Erlang Talk May 2008

I gave another talk at Liverpool GeekUp, a shorter one this time on Erlang, Ericsson’s programming language and application platform which is being applied in back-end web projects at places such as Amazon and Facebook (SimpleDB and Facebook Chat respectively). It was a follow on from both Chris Alcock’s F# talk at the Liverpool .NET User Group and my own Comet talk the month before (as Erlang is used as the back-end of Facebook’s new chat Comet implementation.)

I didn’t want to just post the slides as the talk was intentionally short and there are a number of great links (some that I’ve only discovered since the talk) that I have to point people towards. I also wanted to make a few points about what Erlang is and what it isn’t. For one thing, it is certainly…

…Not Just Another Programming Language

I’ve got the feeling from people who have heard about Erlang but not looked into it that they’re expecting it to be the new Java/C#/PHP/Ruby (insert language of choice) and they’ll just use it for the same standard everyday tasks that they use language X for. Unless you spend your days writing servers (of whatever description) then that is unlikely to be the case. Yariv Sadan is working hard to persuade people that Erlang is a great platform for writing web apps, but I’m not convinced, at least not for the front-end.

A few years ago Steve Yegge blogged at Amazon (skip down to Syntax for distributed computing) about a language called Erlang that had special syntax designed specifically for its problem domain:

So Ericsson engineers decided to solve our problem, the one we’re talking about hurling J2EE books at in the hopes of stunning it, with a new programming language made just for distributed computing. They cleverly called it “Ericsson Language”, or Erlang for short.

They created syntax for the network calls, for running distributed processes, for doing peer reelections, restarting processes, for doing asynchronous event-based messaging, for doing exponential backoff and retry, all kinds o’ stuff.

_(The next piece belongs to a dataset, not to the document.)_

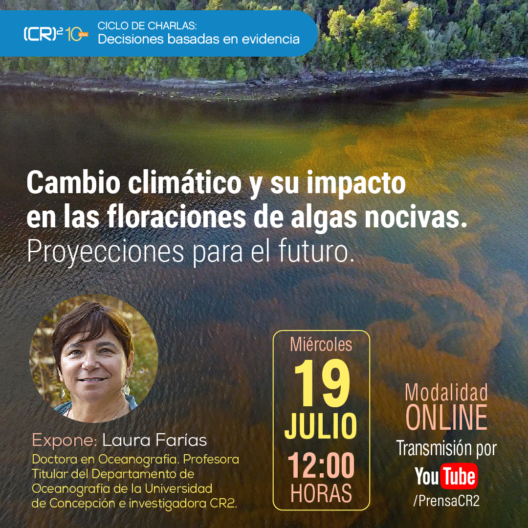 En el contexto del ciclo de charlas CR2 «Decisiones basadas en evidencia», este miércoles 19 de julio se realizará la presentación de «Cambio climático y su impacto en las floraciones de algas nocivas. Proyecciones para el futuro», realizada por Laura Farías, investigadora CR2, doctora en oceanografía y profesora titular del departamento de Oceanografía de la Universidad de Concepción.

Rumor has it that they’ve built themselves one of the largest real-time, transactional distributed systems in the world, using only about a million lines of Erlang code, which they estimate would be about 20 million lines of buggy C/C++ code.

Go figure.

Steve has made the point (read the entire post for a more in-depth view) that language matters and some problems are so hard to solve that they need a language that is designed specifically for solving them. The problem in this case is writing software that can run on a number of different CPUs (distributed or otherwise) in such a way that those CPUs block each other as little as possible. As the amount of speed that can be wrung out of a single CPU has peaked, Erlang’s approach to software has attracted attention.

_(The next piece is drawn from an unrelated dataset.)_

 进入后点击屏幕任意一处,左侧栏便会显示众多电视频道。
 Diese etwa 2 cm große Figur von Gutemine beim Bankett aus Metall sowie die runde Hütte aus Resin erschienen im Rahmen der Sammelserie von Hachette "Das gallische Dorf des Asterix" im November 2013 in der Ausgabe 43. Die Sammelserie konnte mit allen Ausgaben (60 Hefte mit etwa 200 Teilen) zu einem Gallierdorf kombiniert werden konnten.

So why is Erlang so well equipped for parallelism? Simple…

Single Assignment Semantics

I grumbled at Chris’ talk that F# seemed too imperative and that I thought Erlang justified its use of functional language features better. My main gripe was the lack of single-assignment semantics. To me SAS is Erlang’s killer feature, and the reason people are seeing it as a solution to programming for multi-core processors. If shared variables can’t be reassigned, then you avoid all of the headaches associated with traditional thread-based concurrency. It also does away with locks completely, meaning that processes are much less likely to wait on each other, and linear speed-ups on multi-core machines become much more likely.

Erlang is very strict on immutability – once a variable has been assigned then it can’t be reassigned. Seriously. Kiss goodbye to reassignment while you’re working with Erlang, even with local variables. If you really want to do it you just have to create a new variable:

Num = 12,
Num2 = Num + 1

(Note that if you need to do this you’re probably doing it wrong.)

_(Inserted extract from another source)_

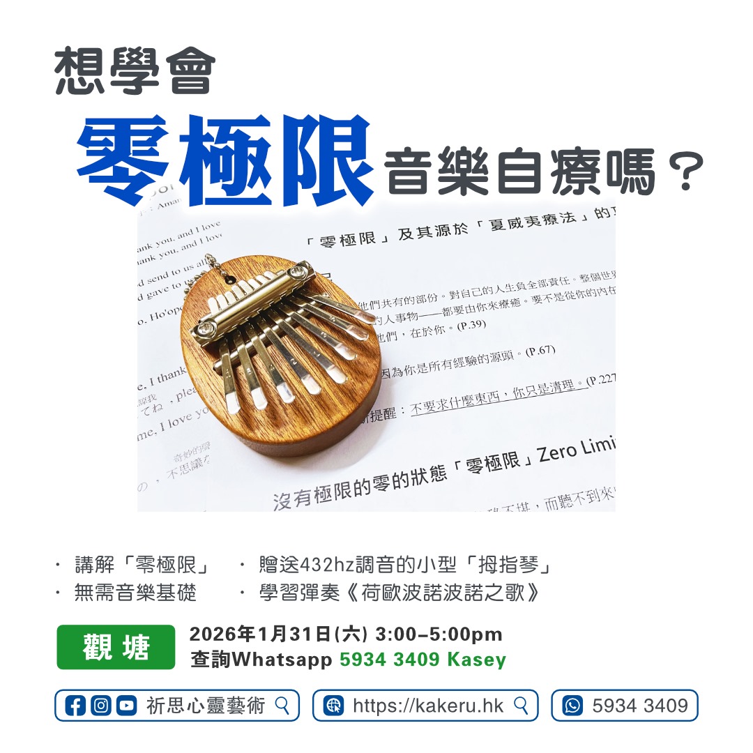 • 講解「零極限」的功效及應用 • 分享導師治愈20年嚴重偏頭痛的親身經驗• 贈送432hz調音的小型「拇指琴」• 學習彈奏《荷歐波諾波諾之歌》 • 可持續在家練習,有助清理淨化,自我療癒• 無需音樂基礎「零極限」清理自己,讓阻塞的能量重新流動,與神聖重新連結,轉化為愛。「拇指琴」婉如音樂盒般優美動聽,簡單易學,有助都市人放鬆靜心。2人即可成班!如時間不合適,歡迎組隊另約時間﹗快啲約埋朋友一齊~

It may seem too strict to restrict the reassignment of local variables. I found an excellent post by Luke Hoersten Why Make Erlang a Functional Language? in which he argues that extending SAS to local variables adds efficiencies to the language which compensate for the overheads of message passing. Whether you agree with that argument or not, you’ll find that while working with Erlang you’ll rarely need to reassign a variable, precisely because of Erlang’s functional language features. Here’s a quick length() example:

length(List) -> length(List, 0).
length([], Count) -> Count;
length([Head|Tail], Count) ->
    length(Tail, Count + 1).

The function uses recursion to iterate over the list and increment a counter without reassigning any local variables. Therefore Erlang justifies its use of functional programming features. Hence my talk.

Further Reading

Here are some Erlang links that I think are worth checking out:

There’s also an unintentionally funny promotional film that Ericsson made about Erlang. I deliberately avoided embedding it here, because you would probably have just skipped to it and got quite a bad impression of the language!

Comet Talk

I’m due to give a talk on Comet at Liverpool GeekUp tomorrow, and the slides should surface here at some point. In the meantime, I’ll provide the links that furnished me with so much inspiration. Start with the ones at the top first:

The Upcoming page for the talk is here.

UPDATE: Here are the slides.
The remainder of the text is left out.